#### INPUT RECORDS

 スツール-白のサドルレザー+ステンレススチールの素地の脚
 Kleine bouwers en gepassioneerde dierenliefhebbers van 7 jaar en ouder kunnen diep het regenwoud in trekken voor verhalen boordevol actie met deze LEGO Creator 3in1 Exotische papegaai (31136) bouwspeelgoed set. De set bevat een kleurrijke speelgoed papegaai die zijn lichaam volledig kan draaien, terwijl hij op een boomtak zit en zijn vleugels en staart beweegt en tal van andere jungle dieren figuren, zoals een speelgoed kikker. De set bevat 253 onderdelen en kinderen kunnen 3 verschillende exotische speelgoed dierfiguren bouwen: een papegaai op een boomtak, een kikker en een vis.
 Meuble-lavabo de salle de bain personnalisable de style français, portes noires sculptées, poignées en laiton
...
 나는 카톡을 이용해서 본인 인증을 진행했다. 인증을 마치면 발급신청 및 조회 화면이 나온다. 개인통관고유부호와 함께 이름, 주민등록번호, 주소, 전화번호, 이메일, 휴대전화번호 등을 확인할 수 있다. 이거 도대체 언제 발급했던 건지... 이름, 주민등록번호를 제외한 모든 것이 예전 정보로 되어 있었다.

#### HOW TO COMPLETE THIS TASK
Take the line above containing "Kleine bouwers en", the line containing "Meuble-lavabo de salle", and all lines in between, and copy them exactly without anything else.

#### THE ANSWER
 Kleine bouwers en gepassioneerde dierenliefhebbers van 7 jaar en ouder kunnen diep het regenwoud in trekken voor verhalen boordevol actie met deze LEGO Creator 3in1 Exotische papegaai (31136) bouwspeelgoed set. De set bevat een kleurrijke speelgoed papegaai die zijn lichaam volledig kan draaien, terwijl hij op een boomtak zit en zijn vleugels en staart beweegt en tal van andere jungle dieren figuren, zoals een speelgoed kikker. De set bevat 253 onderdelen en kinderen kunnen 3 verschillende exotische speelgoed dierfiguren bouwen: een papegaai op een boomtak, een kikker en een vis.
 Meuble-lavabo de salle de bain personnalisable de style français, portes noires sculptées, poignées en laiton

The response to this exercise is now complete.